Richard A. Serrano McClatchy-Tribune

WASHINGTON – With cybercrime taking on new urgency, the Department of Justice announced Tuesday new efforts to combat economic spies who hack into U.S. companies’ computer systems, including installing a cyberspecialist in each of the 93 U.S. attorneys’ offices around the nation.

“The threat landscape we face is ever-changing and evolving,” said John P. Carlin, assistant attorney general for national security. “While our top priority will always be combating terrorism, we must also sharpen our focus and increase our attention on the emerging threats of economic espionage and proliferation.”

The announcement comes after Attorney General Eric H. Holder Jr. and FBI Director James Comey have repeatedly warned that cybercrime poses one of the gravest threats to the U.S.

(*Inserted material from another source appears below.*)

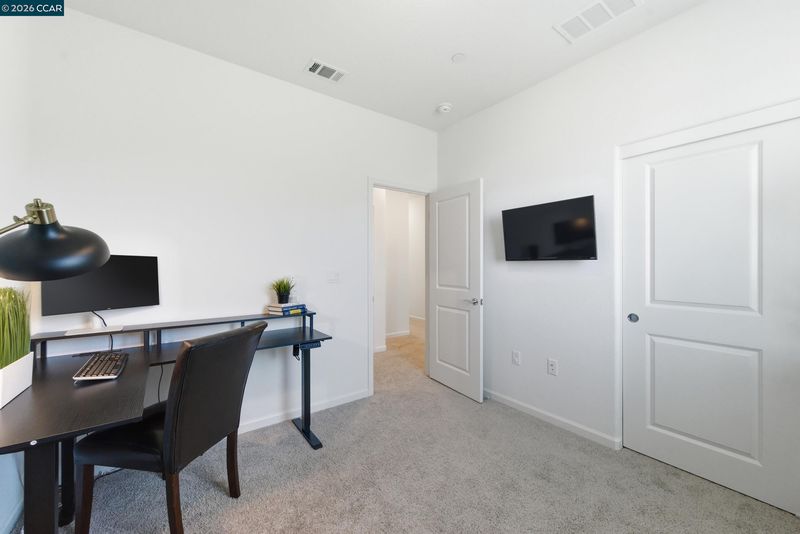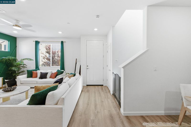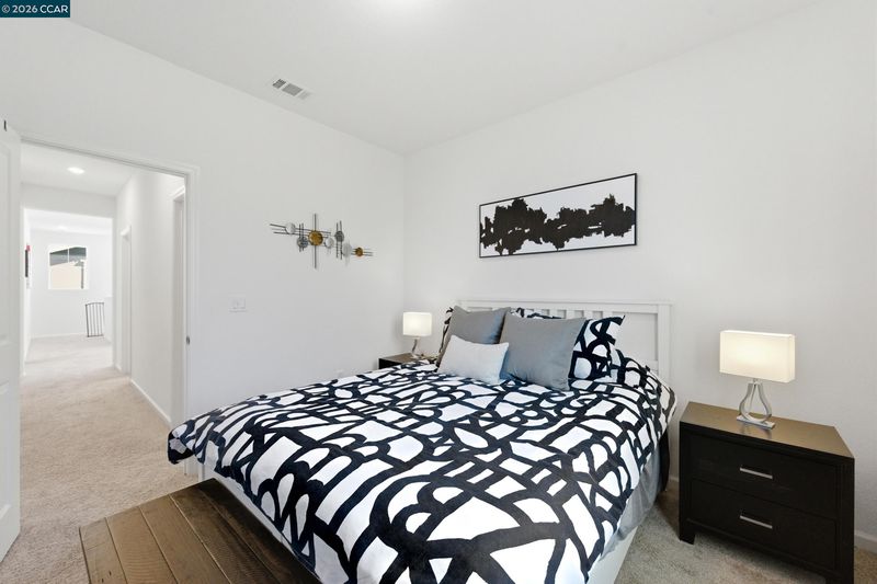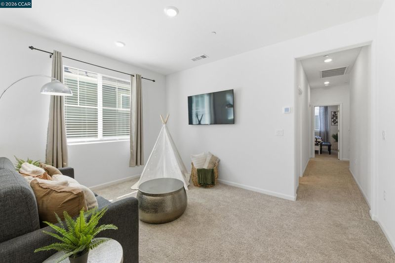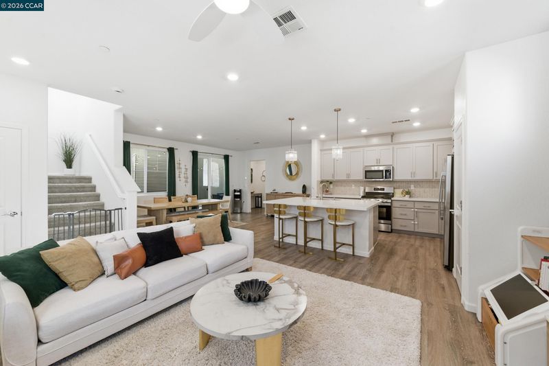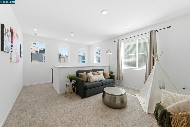 Welcome to Retreat at Vista Del Mar, where modern comfort meets effortless living. This beautifully designed 4-bedroom, 2.5-bath home features a versatile loft and a desirable alley-loading garage. The main level offers a bright, open-concept layout ideal for both everyday living and entertaining. The spacious great room flows seamlessly into a stunning kitchen complete with a large working island, light grey cabinetry, quartz countertops, and a full-height backsplash. The dining area opens to a private side courtyard through sliding glass doors—perfect for indoor-outdoor living. Upstairs, a flexible loft creates the ideal space for a media room, home office, or play area, thoughtfully separating the owner’s suite from the secondary bedrooms. The serene primary retreat features dual vanities, a walk-in shower, and a generous walk-in closet. Three additional bedrooms, a shared bath, and a convenient upstairs laundry room complete the second floor. Ideally located near Bay Point BART, Oak Hills Shopping Center, and with easy access to Highway 4 and I-680, this home offers both comfort and convenience in a well-connected community.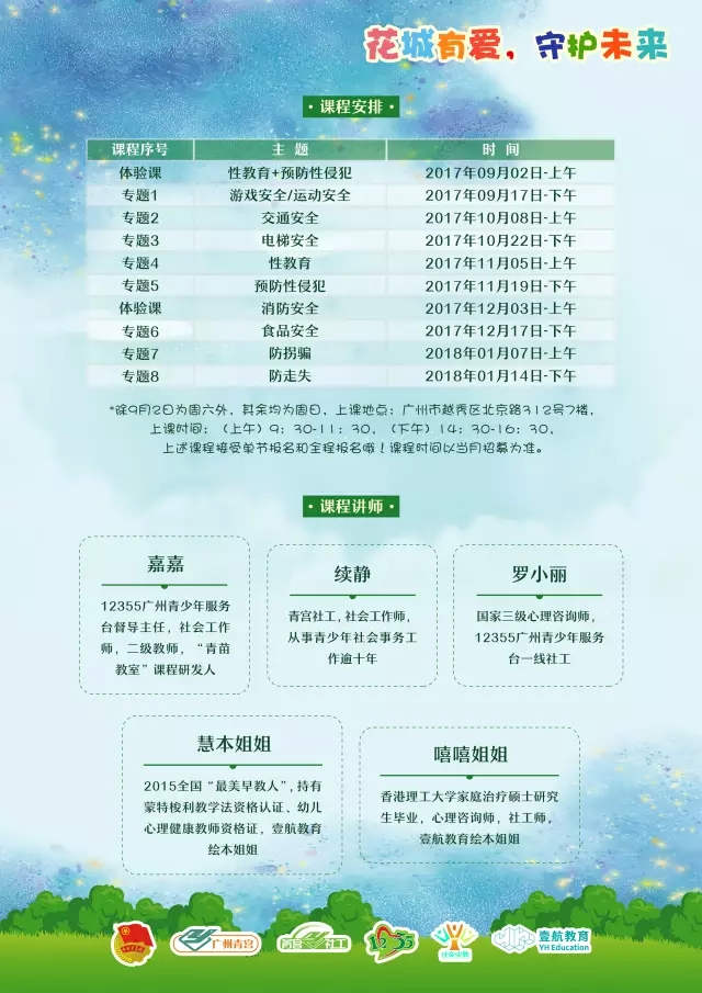 未成年人的安全教育不仅仅有“性教育&预防性侵犯”主题,父母们关心的游戏、交通、电梯、消防、食品、防拐骗、防走失等安全问题都将开课探讨,同样是运用浸入式、体验型的教育方式,让孩子快乐接受安全教育,父母也能学习与更新安全教育方法。

It also comes as officials at Staples said Tuesday that they and federal law enforcement officials are investigating “a potential issue” dealing with the theft of customers’ credit card data. Other large U.S. companies that have been targeted include Home Depot and JP Morgan Chase, as well as other banks and institutions.

Carlin announced that three top Justice officials will make up a new leadership team to manage federal prosecutions, making sure that various law enforcement agencies – including the FBI – work together to fight the emerging threat.

Mary B. McCord, a 20-year prosecutor who has run the criminal division in Washington, will become a principal deputy assistant attorney general in the national security division. Anita M. Singh, who has worked on intelligence and cyberissues for the White House and the National Security Council, will be chief of staff and counselor in the division. Luke Dembosky, a longtime international crime prosecutor, will become a deputy assistant attorney general.